Of course, it all goes hopelessly wrong. By choosing the Norman style they have blown their cover wide open. They can just about get away with the doorways. But the collonaded windows begin to raise suspicion, and once you get inside the churches it is all pretty hopeless - the Norman stone pulpits, Norman stone lecterns, Norman pews, they are all sad and laughable. The aliens are exposed, and sent packing.

19th century restorations in the Norman style are almost uniformly horrible. By the early years of that century, many of Suffolk's churches were in a poor state, but to rebuild some of them in the Norman style was a dreadful mistake, and nowhere in Suffolk was the mid-century rebuilding as comprehensive as here at Stoven. Nothing looks less organic than a mock-Norman building. Here, the fine Norman south door has been used as an inspiration for the rest of the building, as if a new body had been cloned from a single cell.

At first sight, it isn't so bad. The graveyard on the north side is delightful, full of mature trees and 18th century headstones. The shape of the building is good, especially with the sun behind. It is only on approaching that the details make themselves known, and there seems to be no relationship between the styling and the proportions. And where did that tower come from? But there is a heart-warming story here that is worth telling.
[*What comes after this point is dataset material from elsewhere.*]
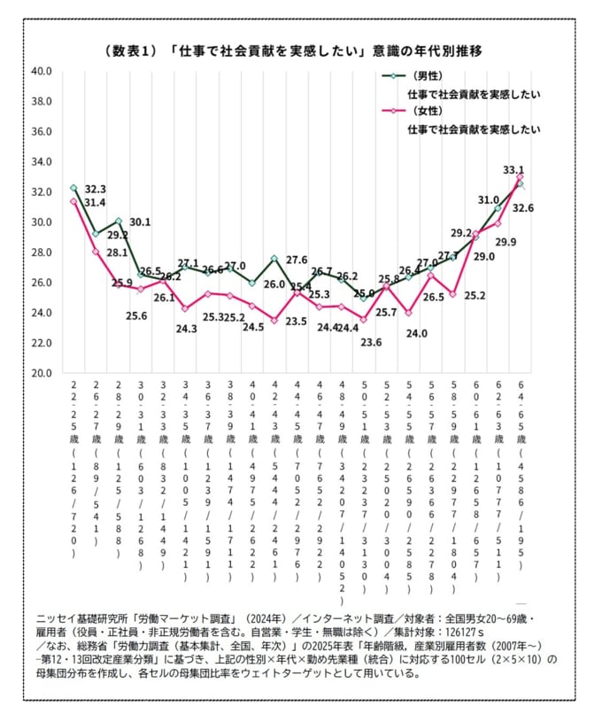その点で示唆に富むのが、次の「仕事を通じた社会貢献意識に関する調査」データである。ニッセイ基礎研究所の調査によれば、「仕事で社会貢献を実感したい」という意識は、20代で相対的に高めにみられている。30代から50代前半でいったん低下し、60代で再び上昇する流れとなっている。

In April 1987, this tiny parish was presented with a horrific £200,000 bill for repairs. The Diocesan architect, aware that this was an impossible demand, recommended that the church be partially demolished, enabling the parish to continue using a smaller, fitter building. Funding bodies and charities like English Heritage were unable to help, since the building was only listed at Grade II, and wasn't considered important enough for injections of cash.

Not surprisingly, the Parish Council decided instead to opt for making the building redundant. That way, they could move in with neighbouring Brampton, while the Redundant Churches Fund took over the headache of paying for repairs. The building would be lost to CofE liturgical use, but would be retained as a village landmark, and could also be used for community purposes.
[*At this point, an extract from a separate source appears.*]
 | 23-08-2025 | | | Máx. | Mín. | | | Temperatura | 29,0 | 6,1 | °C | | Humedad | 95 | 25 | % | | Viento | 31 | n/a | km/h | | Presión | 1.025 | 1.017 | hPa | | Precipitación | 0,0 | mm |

The church was declared redundant in January 1989. However, there was bad news ahead. The Redundant Churches Fund decided that the 1854 rebuilding had been so drastic that they could not justify taking St Margaret on. Simply, there was just not enough medieval structure left to justify the expense. The Parish Council asked the Fund to think again. They did, and came to the same conclusion. So St Margaret was put up for sale by the Diocese, pending planning permission for residential or commercial use.

Unfortunately, nobody wanted to buy it. This should really come as no surprise, since few people would be prepared to splash out a six figure sum just to make a structure sound, before even thinking of converting it. The majority of churches sold off during the great wave of redundancies ten years earlier had mostly been in good condition. And now things got desperate, because included in the legislation that governs church redundancies is the clause that, if no no use has been found for a Grade II building within three years, it must be demolished.

Those three years went by, probably rather quickly in the eyes of the former Parish Council, and in May 1992 the Church Commissioners prepared the draft order for the demolition of St Margaret, Stoven.

This must have been a depressing time for villagers. They were presented with something of a <i>fait accompli</i>, but in any event a public meeting was held to discuss it, and representatives of national bodies like English Heritage and the Redundant Churches Fund attended. It was agreed that if there was any way forward it was through a thorough architectural examination of the church building.

Well, you may be able to guess what happened. It didn't take long to discover that to all intents and purposes this was a medieval building - rather than being demolished, the former church had been covered with a Norman skin. You can see this for yourself; the plaster has been removed in places on the south side, exposing the outline of the medieval window splays beneath.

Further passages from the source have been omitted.